Hospitality continued to be a part of each interaction. Where strangers were no longer strangers.

The following morning, the weather was with us. The forecast was for mostly sunshine, and so James, Virginia and I packed up a picnic and headed for the only road from Glasgow that runs up the west coast, trundling past Lock Lomond and towns named Crianlarich, Tyndrum, and Bridge of Orchy. Between Tyndrum and Bridge of Orchy lies the West Highland Way, a ninety-six mile foot path parallel to the road, with people trekking along as we sped past, trying to reach the last ferry of the day. The hill that opens up at the top of the pass is called Beinn Dorain, which means “the hill of the otter,” and we drove through Glencoe, with the majestic pyramidal Buachaille Etive Mor mountain on our left.

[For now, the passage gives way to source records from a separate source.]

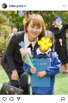 フジ戸部洋子アナ「娘っこの1年生も1ヶ月たった」 愛娘との2ショット披露「随分成長した気がする」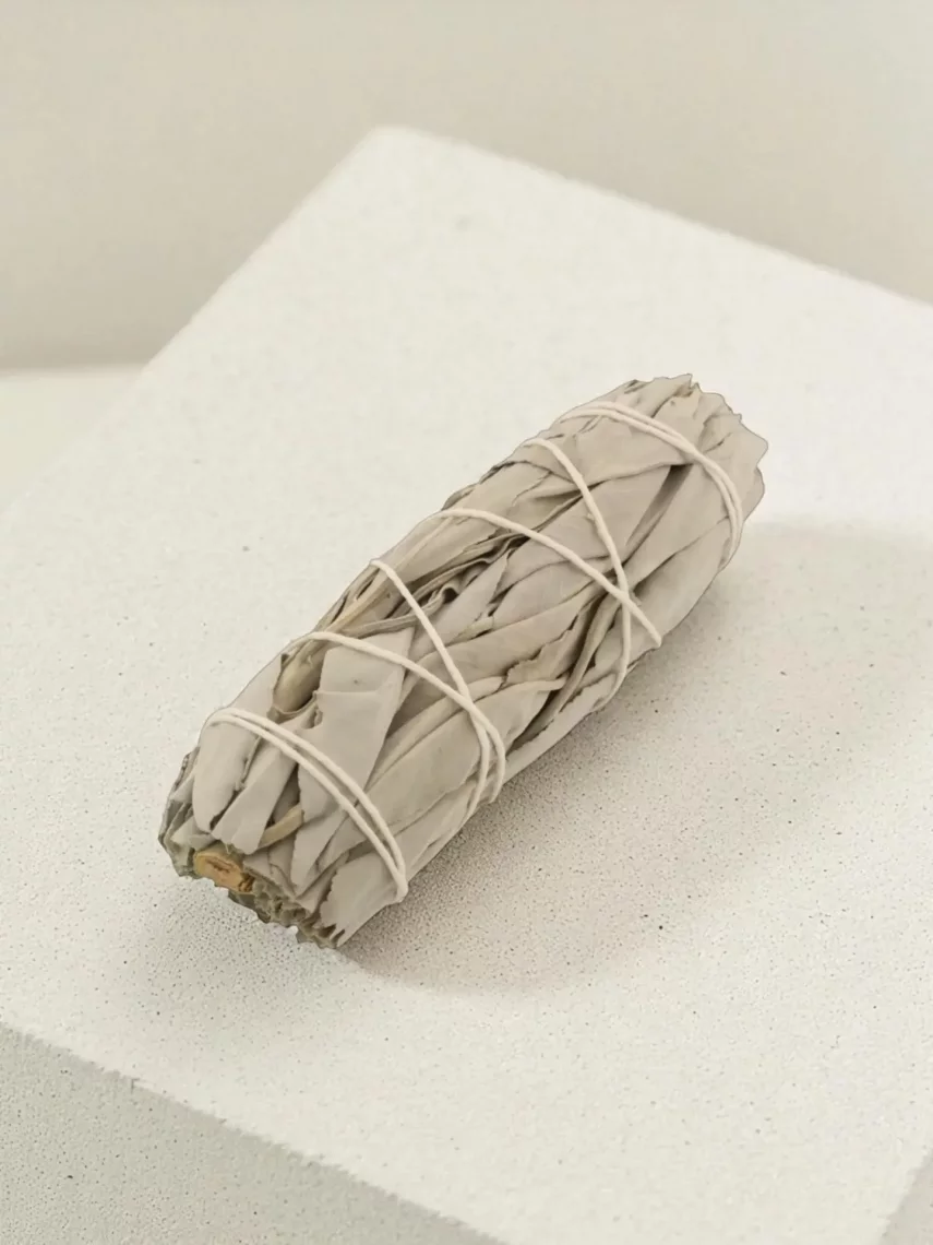 Bâton artisanal de sauge blanche séchée, seule ou associée à des fleurs. Pour purifier les espaces, apaiser l’atmosphère et accompagner vos rituels.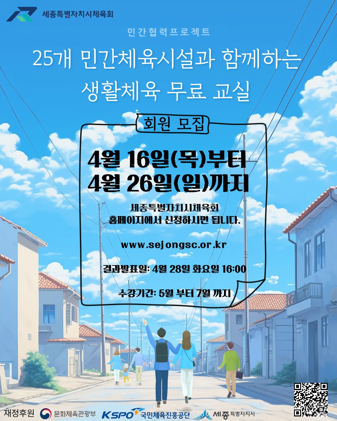 [충청뉴스큐] 세종시가 오는 16일부터 26일까지 지역 내 민간체육시설과 연계해 시민들에게 다양한 생활체육 참여기회를 제공하는 ‘맞춤형 생활체육프로그램’의 상반기 참여자를 모집한다.
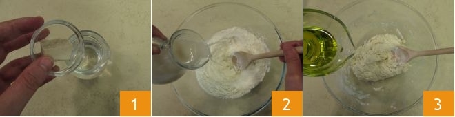 Um das Fladenbrot mit Brombeeren und Gorgonzola zuzubereiten, beginnen Sie mit dem Hefeteig: Lösen Sie die Hefe in Wasser bei Raumtemperatur auf, indem Sie mit einem Holzlöffel umrühren 1, gießen Sie dann die Mischung nach und nach in eine Schüssel mit dem Mehl 2. Kneten Sie weiter, bis der Teig zusammenhält, dann fügen Sie auch das Öl nach und nach hinzu und kneten Sie weiter mit dem Holzlöffel, bis es notwendig wird, die Hände zu benutzen 3.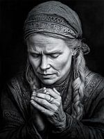 Een serene oudere vrouw is vastgelegd in diepe overpeinzing, haar handen in gebed geklemd. De ingewikkelde details van haar gevlochten haar en traditionele kleding onthullen een rijk cultureel erfgoed. Zacht licht accentueert de lijnen in haar gezicht en verbeeldt wijsheid en veerkracht. Haar uitdrukking belichaamt een mix van hoop en rust, wat een diepe verbondenheid met haar gedachten en geloof suggereert.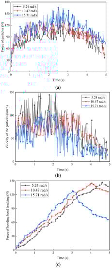 Variation of kinematic characteristics of particles with time in different concave plate speed. (a) Force curves of particles. (b) Velocity curves of particles. (c) Breaking force curves of the seed-stalk bonding bond.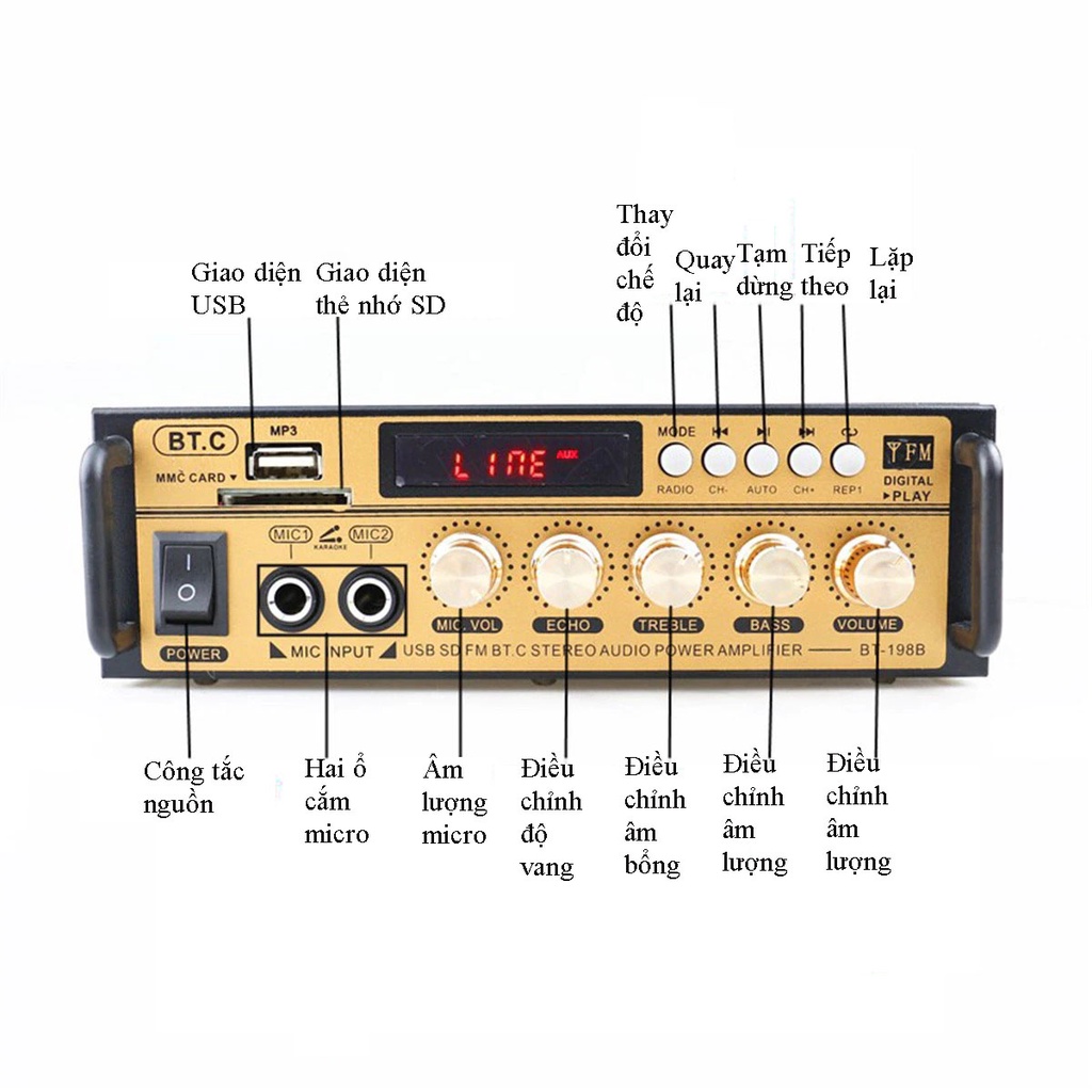 - Kết nối âm thanh qua Bluetooth, đọc trực tiếp usb, thẻ nhớ micro SD, đài FM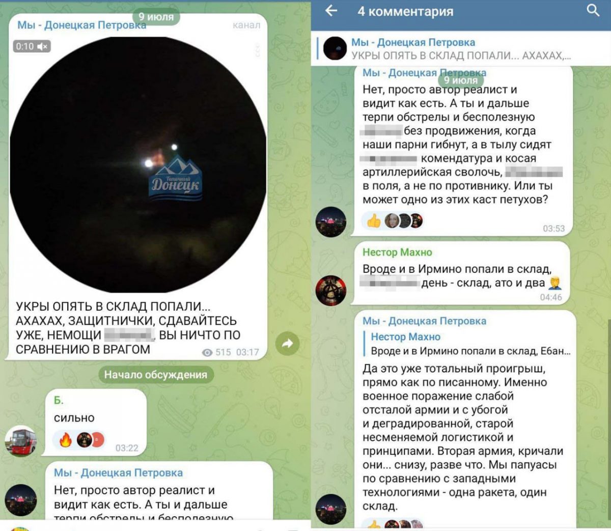 Склади з боєприпасами вибухали в Харцизьку, Іловайську, Донецьку, Макіївці, Горлівці, Кадіївці, Алчевську, Ясинуватій. Вибухи були в Херсонській і Запорізькій областях: в Чорнобаївці, Скадовську, Таврійську, Новій Каховці. Горіло яскраво, як зазвичай горять склади з ПСМ або боєприпасами. Згоріло «найголовніше з головних командувань командуваннями» окупантів на Херсонщині, про що окупанти жаліються у телефонних розмовах.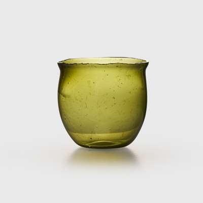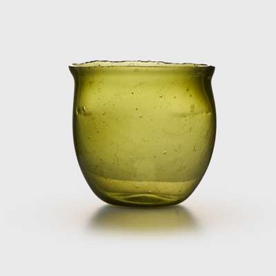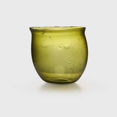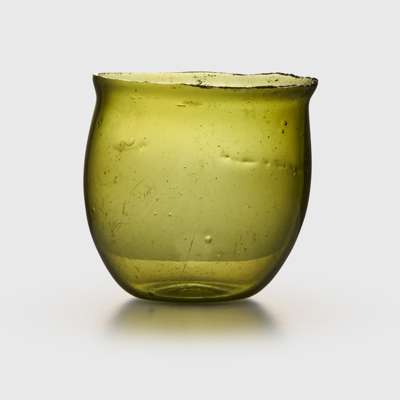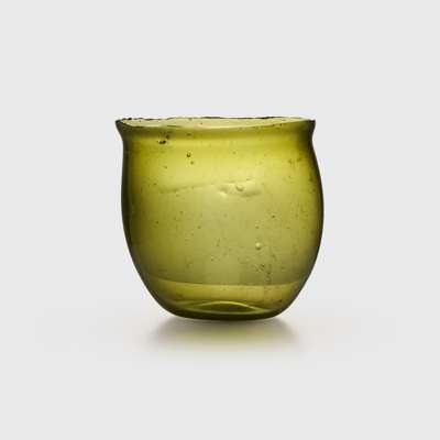 The Merovingian dynasty covered much of modern France, Belgium, and Germany in the transitional time between Antiquity and the Middle Ages. Small glass vessels were mostly used for drinking, with complete pieces, such as this one, primarily being found in cemeteries. Colourless glass was most common during this period, with green glass being less abundant. Composition analysis has shown that the green colour is mostly due to the presence of iron, with the structure similar to Late Antique glassware. Whilst the number of Merovingian glass objects appears to decrease in the second half of the 6th century AD, the proportion of green glass increases and their shapes become more rounded. The presence of Merovingian glass in Southern England is a testament to the legacy of the late Roman Empire and the continuation of long-distance trade.

Our plans were to catch the Corran Ferry, which navigates the Corran Narrows of Loch Linnhe just south of Fort William and north of Ballachulish Bridge. Then we would drive to Lochaline and take another ferry to Fishnish, and then on to the Isle of Mull, where we were to spend the night. We would stay at a small bed-and-breakfast there, owned by a family of sheepherders, and take the ferry to Iona early the following morning. 

And finally, here is a lovely thing River posted on Facebook about Iona earlier this year, along with the photo below:

“Tonight the winds are howling on the hill. That sound that one only gets in still and alone. The whistling of the wind in the desert places, on islands, in the wilderness. And all day I’ve thought of it as bringing the winds of Iona to my door. This shot was taken from inside the Abbey in November. The wind cold and the light ethereal, caught between this world and that one, suspended in time. And a part of me still walks those stone floors, my footfalls falling in hushed wonder.”